Laut einer AWS-Mitteilung vom 2. März verursachten die Anschläge Strukturschäden, unterbrachen die Stromversorgung und erforderten Löscharbeiten, die zusätzliche Wasserschäden zur Folge hatten. Während Angriffe auf Stromnetze und unterseeische Kabel gelegentlich vorkommen, sind direkte Attacken auf Rechenzentren selten gewesen — bis jetzt.
Kathryn Raines, Leiterin des Cyber-Threat-Intelligence-Teams beim Sicherheitsdienstleister Flashpoint, interpretiert die Anschläge als Wendepunkt: “Die physischen Angriffe auf Cloud-Infrastruktur mögen wie Ausnahmen wirken, doch in Wirklichkeit könnten sie das neue Handbuch für moderne Kriegsführung sein.” Militärs und Unternehmen verlassen sich zunehmend auf die Cloud — was hyperscale Rechenzentren zu “Tier-1-Zielen” macht.
Hier liegt das zentrale Problem: Cloud-Architektur ist gegen Wetterextreme geschützt, nicht gegen Kriegsgeräte. Viele Anbieter betreiben Backup-Rechenzentren nur 96 Kilometer entfernt vom primären Standort — leicht erreichbar für moderne Waffensysteme. Ein Stromausfall lässt sich reparieren, aber eine Raketenbombe verursacht Brände, Einstürze und Wasserschäden durch Sprinkleranlagen, die Hardware dauerhaft zerstören.
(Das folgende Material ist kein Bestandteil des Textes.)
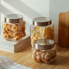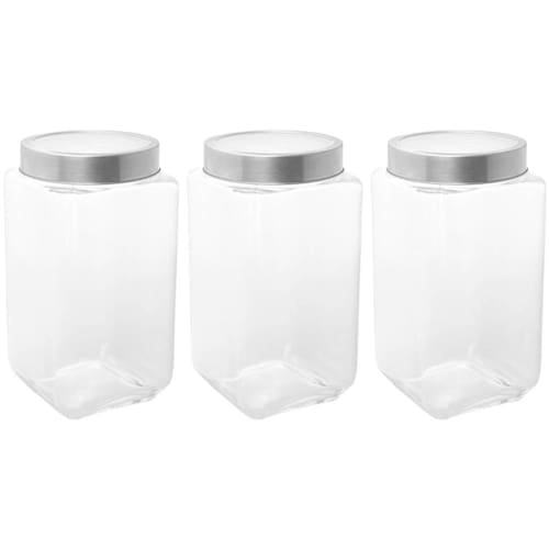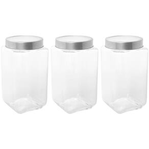 Kit 3 Potes de Vidro 1,7L Tampa Metal Lyor Gastro Prata Porta Mantimentos Retangular

Kritisch ist auch: Angreifer müssen nicht einmal die Server treffen — beschädigte Glasfaserkabel machen das gesamte Rechenzentrum unwirksam.
Obwohl Russland in der Ukraine kritische Infrastruktur wie Kommunikations-, Strom- und Verkehrsnetze angegriffen hat, wurden Cloud-Rechenzentren außerhalb der Ukraine bislang verschont. Das könnte sich ändern. Einer im Vorjahr auf der CyCon-Konferenz präsentierten Studie zufolge verlässt sich auch Russland stark auf öffentliche Cloud-Infrastruktur.
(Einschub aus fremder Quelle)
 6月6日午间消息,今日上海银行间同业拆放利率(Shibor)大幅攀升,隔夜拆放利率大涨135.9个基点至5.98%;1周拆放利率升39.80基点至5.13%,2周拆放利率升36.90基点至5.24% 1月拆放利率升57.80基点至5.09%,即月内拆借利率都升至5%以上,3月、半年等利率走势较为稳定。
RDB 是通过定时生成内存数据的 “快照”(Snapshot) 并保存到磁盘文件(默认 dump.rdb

Cyberangrifte sind im aktuellen Konflikt deutlich häufiger. Blake Darché, Leiter der Threat-Intelligence bei Cloudflare, berichtet: “Wir beobachten Angreifer, die traditionelle Disk-Wiper-Tools und Scripts einsetzen, um kritische Informationen zu löschen — besonders problematisch, wenn eine Wiederherstellung unmöglich ist.” Ganze Industrien sind anfällig: Verkehrswirtschaft, Logistik, Energie und Versorgung würden bei Netzwerkstörungen unmittelbar kollabieren.
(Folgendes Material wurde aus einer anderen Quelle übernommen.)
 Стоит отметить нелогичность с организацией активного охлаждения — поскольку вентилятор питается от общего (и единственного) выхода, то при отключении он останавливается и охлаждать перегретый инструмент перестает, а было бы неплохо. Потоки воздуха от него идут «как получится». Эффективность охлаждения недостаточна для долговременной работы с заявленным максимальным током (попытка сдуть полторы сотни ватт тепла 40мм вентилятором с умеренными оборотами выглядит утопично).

Kim Larsen, Group CISO bei Keepit, betont einen häufigen Irrtum: “Viele Organisationen verwechseln hohe Verfügbarkeit mit echter Resilienz.” Während Resilienz auf drei Säulen basiert — Prävention, Detektion und Wiederherstellung — investieren Unternehmen typischerweise nur in die ersten beiden, verlassen sich dann auf ein funktionierendes Recovery-System. “Jahrelang haben Organisationen die Cloud als ein geografieloses Konstrukt behandelt,” sagt Larsen. “Diese Vorfälle erinnern uns daran, dass die Cloud immer noch aus Gebäuden, Stromleitungen, Glasfasern und Menschen besteht — und daher denselben geopolitischen und kinetischen Risiken ausgesetzt ist wie jede andere kritische Infrastruktur.”
Experten empfehlen Unternehmen, ihre Cloud-Resilience-Strategie zu überdenken. Besonders gefährdet sind Workloads, die Echtzeit-Verarbeitung und ultra-niedrige Latenzen erfordern — typischerweise im Finanz-, Gesundheits-, Infrastruktur- und Verteidigungssektor.
Die Anschläge könnten auch Konsequenzen für nationale Datensouveränität haben. Raines prognostiziert: “Länder zu zwingen, Daten innerhalb ihrer Grenzen zu halten, macht diese zu massiven strategischen Zielen, die in einem Bombenangriff vernichtet werden können.” Sie erwartet stattdessen eine Verschiebung zu einer “Alliierten Datensouveränität”, bei der Regierungen Gesetze anpassen, um kritische Daten auch in verbündeten Ländern sichern zu können.
Für Unternehmen, die auf Cloud-Plattformen angewiesen sind, bedeutet dies: Notfall- und Datenverwaltungsstrategien brauchen eine grundlegende Überprüfung.